[Your goal] Copy the lines below exactly, starting with the first and finishing with the one holding "הלחמה | כמות | |"; do not copy the pictures.

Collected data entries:
*** Block opens ***
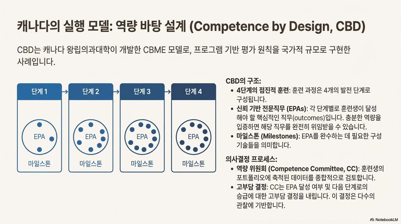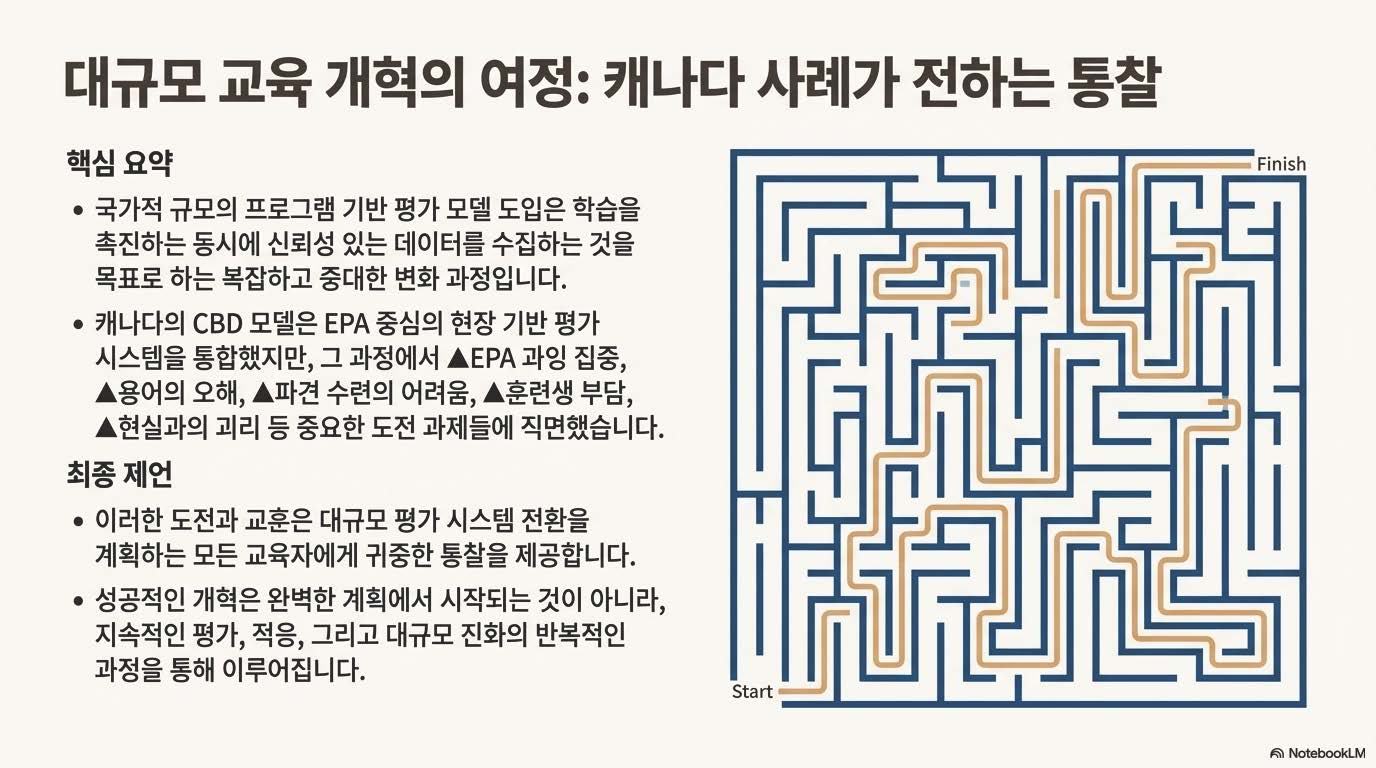 바로 캐나다 왕립 내과 및 외과 대학(Royal College)이 주도한 대규모 프로젝트, '설계에 의한 역량(Competence by Design, CBD)' 모델의 도입 과정과 그 교훈을 담은 논문 리뷰입니다. 전공의 수련 과정에 신뢰할 수 있는 전문 활동(Entrustable Professional Activities, EPAs)을 국가 차원에서 어떻게 접목했는지, 그리고 그 과정에서 겪은 시행착오는 무엇이었는지 함께 살펴보시죠! 🧐
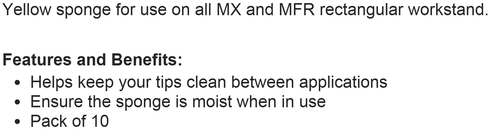 | 3840594 ספוג לניקוי ראשי הלחמה - MECTAL AC-YS3 | METCAL | ספוג לניקוי ראשי הלחמה - MECTAL AC-YS3 ♦ מתאים לתחנות הלחמה מסדרות MX , MFR לקטלוג O... מלחמים ותחנות הלחמה » מלחמים ותחנות הלחמה | כמות | |
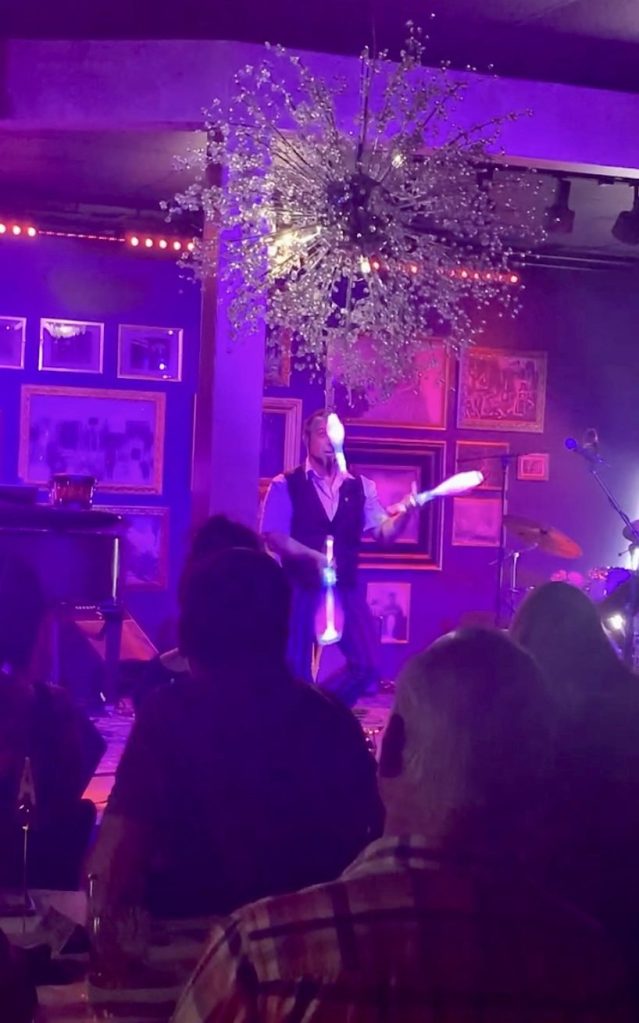 Another unique experience I explored at the Révéler was a Cabaret show. Initially unsure of what to expect, I was pleasantly surprised. Thinking originally it was similar to a burlesque show but later discovering a Cabaret show boasts an array of talents, featuring singers, dancers, jugglers, magicians, and a host of other performers. I learned that the legendary Moulin Rouge was a famous club known for hosting Cabaret shows. The stage may not have been ideal for juggling, but the juggler managed to impress us with his corny jokes and his ability to work with various objects.
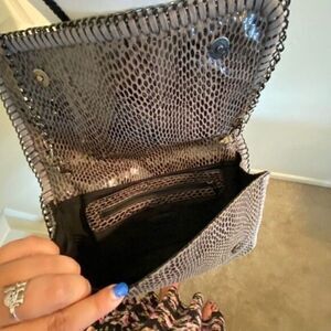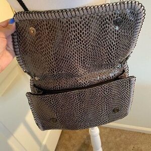 Tarnish womens dark grey crossbody bag w/ chain and inside pocket magnet closure
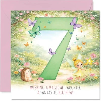 Sprinkled with charm, this card features a cheerful fairy and her hedgehog friend surrounded by vibrant flowers-guaranteed to make her feel extra special Playful fairy motif and colourful woodland backdrop put the spotlight on turning seven, giving the card a joyful, storybook feel she'll love Printed on gloss single sided board with an uncoated inside for easy writing. No smudging when writing inside, so your personal message stays neat Blank inside for your own magical birthday wishes. Each card comes with a matching envelope for that perfect finishing touch. The 145mm Square format is convenient to display or post Designed and printed in the UK using FSC-certified. Fully recyclable and made with care, so you can feel good about your choice. A thoughtful choice that helps you send smiles and warm wishes
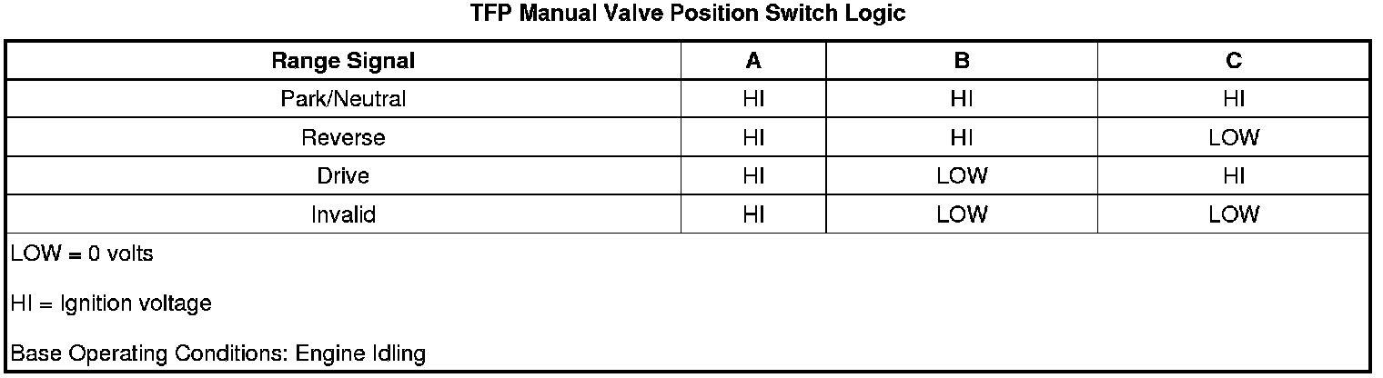Transmission Fluid Pressure Manual Valve Position Switch Logic
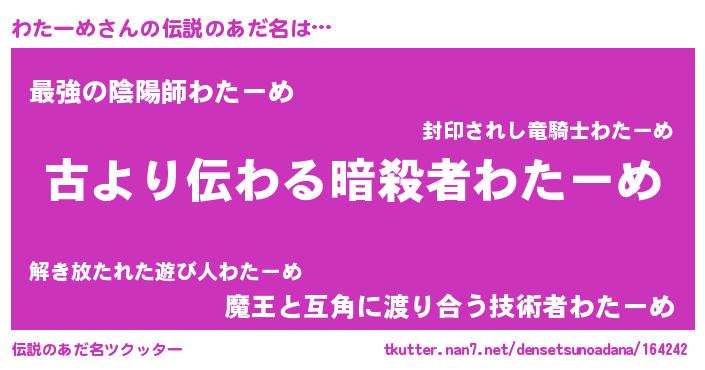 | ヒーロー風カッコイイあだ名 | 『サイバー戦士ワターメ』『ネオワターメ』 |
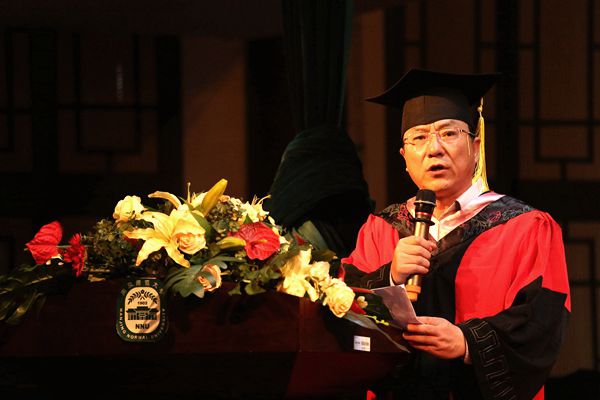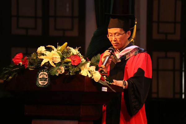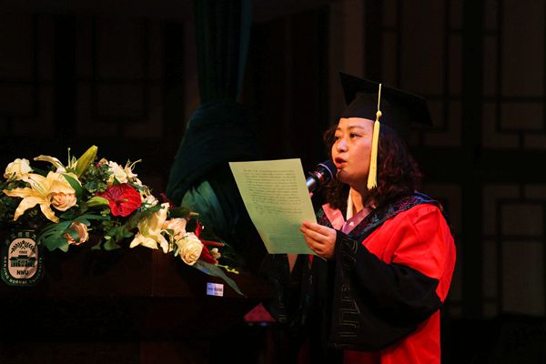 汪涛老师向在场全体师生介绍了出席本次典礼、仪式的领导来宾,宣布典礼开始。国歌声中,古典而浪漫的随园音乐厅显得分外庄严,毕业典礼正式拉开了帷幕。
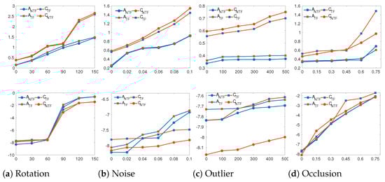Registration on synthetic datasets. The source model is downsampled by selecting ∼1500 points to generate model . The performance is evaluated under various perturbations: (1) Rotation: The initial angle is 0°, 30°, 60°, 90°, 120°, and 150° [default = 0° to 45°]. (2) Noise: The standard deviation of Gaussian noise is set to 0, 0.02, 0.04, 0.06, 0.08, and 0.1 [default = 0]. (3) Outliers: We set the number of outliers to 0, 100, 200, 300, 400, and 500, respectively [default = 0]. (4) Occlusion: The occlusion ratio is set to 0, 0.15, 0.30, 0.45, 0.60, and 0.75 [default = 0]. The random translation of all generated scenes is within . When one parameter is changed, the values of other parameters are fixed to the default value. We will test 750 test samples in each variable setting.
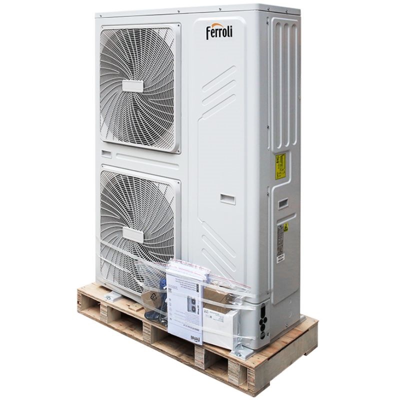As bombas de calor aerotérmicas Ferroli são concebidas para fornecer arrefecimento no verão, aquecimento no inverno e/ou produção de água quente sanitária durante todo o ano. Esta bomba de calor de última geração, equipada com tecnologia Inverter e utilizando o refrigerante ecológico R32,
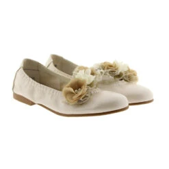 Piel napa color beig con flores al tono y tostado. Consejos de talla: Calzan el número. Los vestidos más tradicionales de comunión, con faldas de vuelo y jaretas, irán acompañados de estas bailarinas. El detalle de las flores en la pala le dan un aspecto mucho más romántico y diferente a la clásica bailarina de comunión. Además de ser muy cómodas gracias a la piel tan suave y blanda.
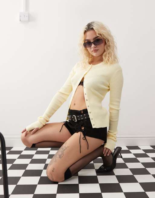 Lioness - Top a maniche lunghe in maglia giallo burro con bottoni a pressione
*** Block closes ***
[Response to the exercise]
 바로 캐나다 왕립 내과 및 외과 대학(Royal College)이 주도한 대규모 프로젝트, '설계에 의한 역량(Competence by Design, CBD)' 모델의 도입 과정과 그 교훈을 담은 논문 리뷰입니다. 전공의 수련 과정에 신뢰할 수 있는 전문 활동(Entrustable Professional Activities, EPAs)을 국가 차원에서 어떻게 접목했는지, 그리고 그 과정에서 겪은 시행착오는 무엇이었는지 함께 살펴보시죠! 🧐
 | 3840594 ספוג לניקוי ראשי הלחמה - MECTAL AC-YS3 | METCAL | ספוג לניקוי ראשי הלחמה - MECTAL AC-YS3 ♦ מתאים לתחנות הלחמה מסדרות MX , MFR לקטלוג O... מלחמים ותחנות הלחמה » מלחמים ותחנות הלחמה | כמות | |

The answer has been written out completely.